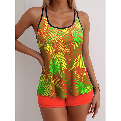 Costume da bagno tankini da donna 2 pezzi palma vita alta senza schienale vacanza spiaggia abbigliamento grafico geometrico scollo a barchetta senza maniche
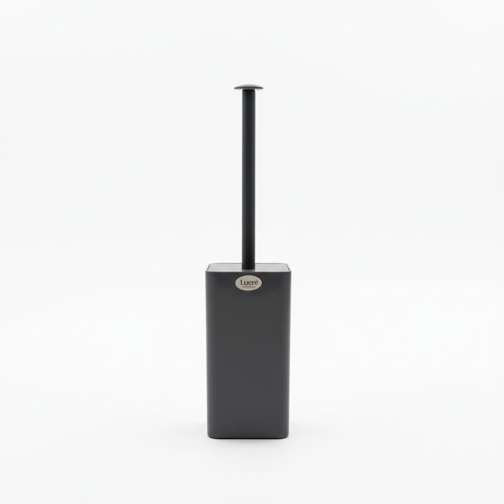 Furça e tualetit me mbajtëse nga Lueré kombinon dizajnin kompakt me një pamje moderne gri të errët, ideale për çdo banjo. Kontejneri drejtkëndor qëndron i lirë në dysheme dhe mban furçën të fshehur dhe të organizuar.
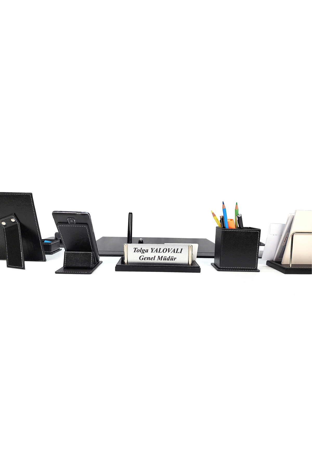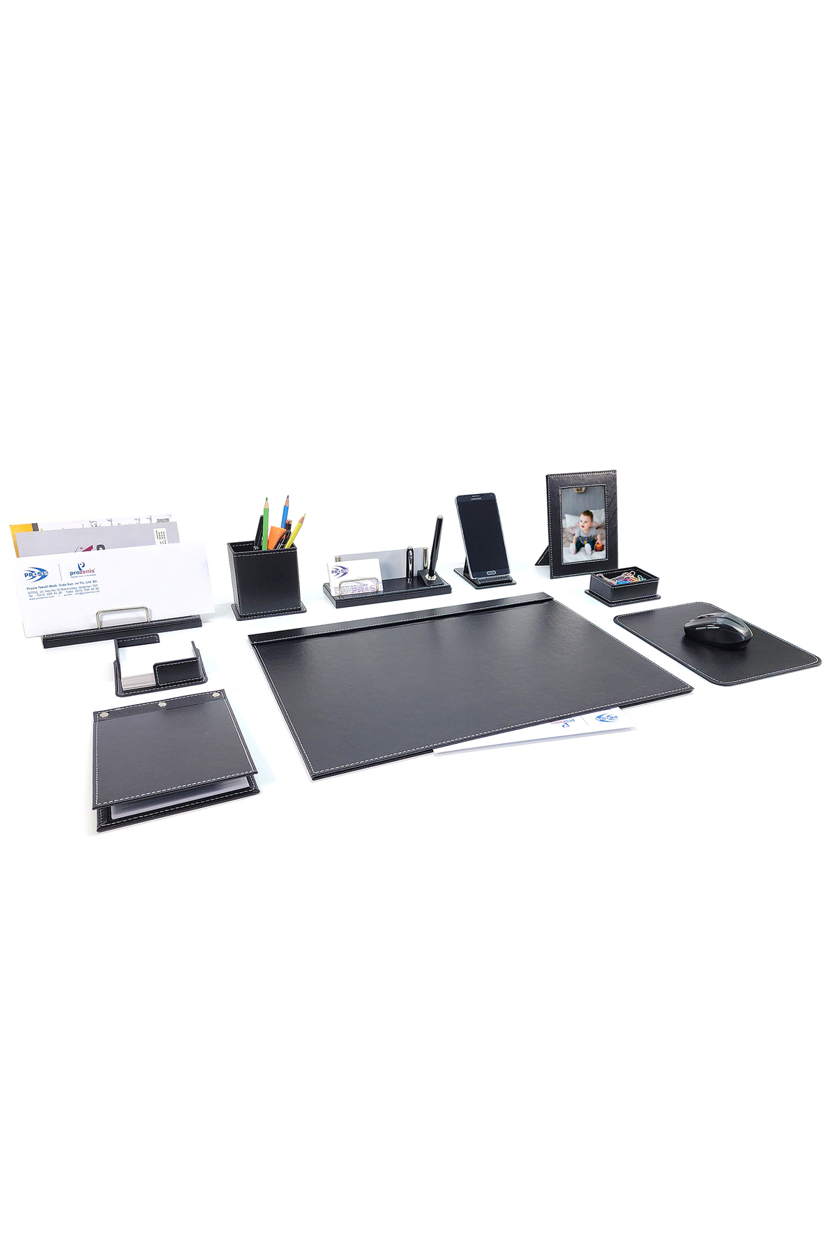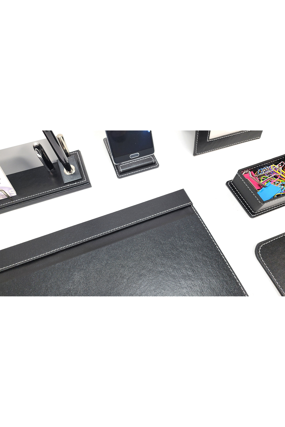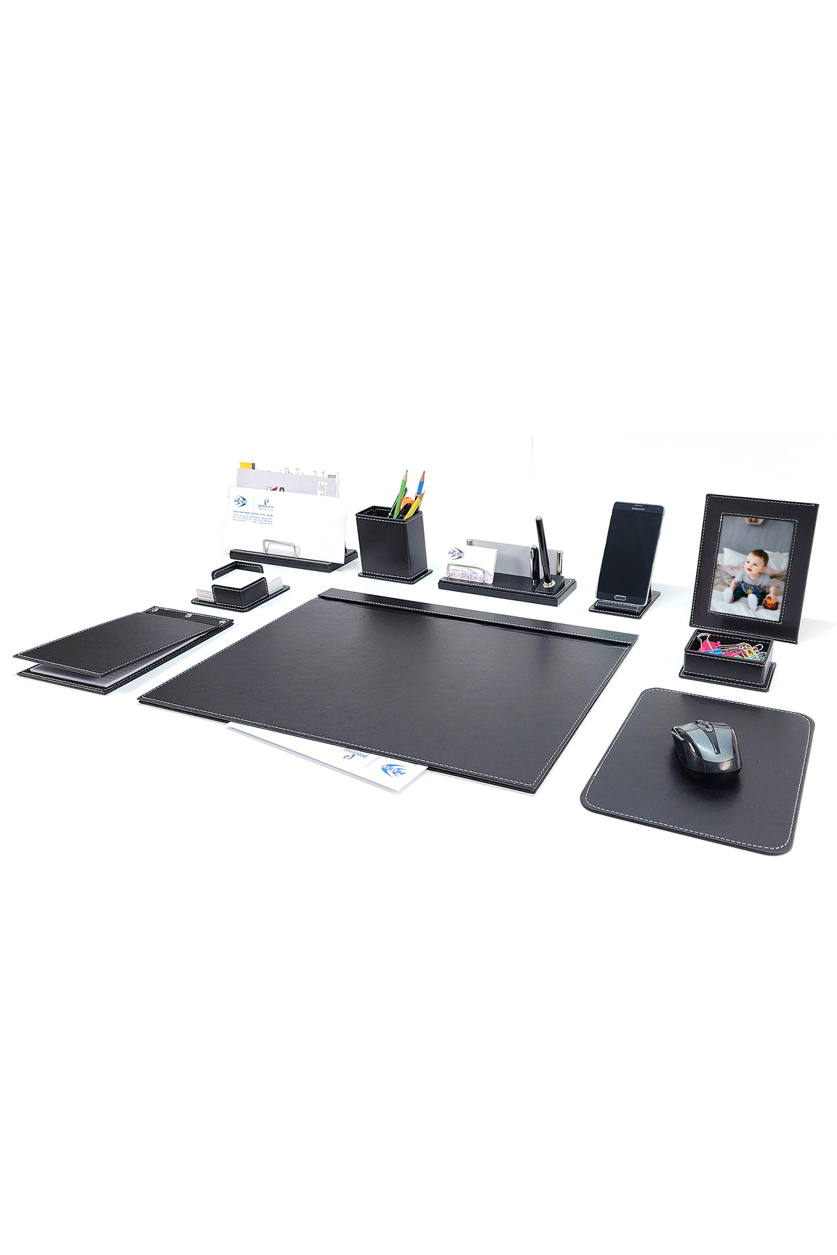 ) - Kapaklı Sümen 51x36cm - Masaüstü kapaklı bloknot 21x14cm - Telefon Standı (Tüm telefonlar için Uygundur) - 2 Bölmeli düzenleyici zarf, mektup, evrak ayracı - Kalemlik - Notluk - Resim Çerçevesi - Ataçlık - Mouse Pad - Renk: Siyah - Kodlar: 2120, 2417, 2430, 2405, 3130, 2615, 3133, 2415, 3132, 2420 - Barkod no: 8682588474088

Task directions.
With the pictures set aside, return each line of the listing exactly as given.

Answer area.
 Costume da bagno tankini da donna 2 pezzi palma vita alta senza schienale vacanza spiaggia abbigliamento grafico geometrico scollo a barchetta senza maniche
 Furça e tualetit me mbajtëse nga Lueré kombinon dizajnin kompakt me një pamje moderne gri të errët, ideale për çdo banjo. Kontejneri drejtkëndor qëndron i lirë në dysheme dhe mban furçën të fshehur dhe të organizuar.
 ) - Kapaklı Sümen 51x36cm - Masaüstü kapaklı bloknot 21x14cm - Telefon Standı (Tüm telefonlar için Uygundur) - 2 Bölmeli düzenleyici zarf, mektup, evrak ayracı - Kalemlik - Notluk - Resim Çerçevesi - Ataçlık - Mouse Pad - Renk: Siyah - Kodlar: 2120, 2417, 2430, 2405, 3130, 2615, 3133, 2415, 3132, 2420 - Barkod no: 8682588474088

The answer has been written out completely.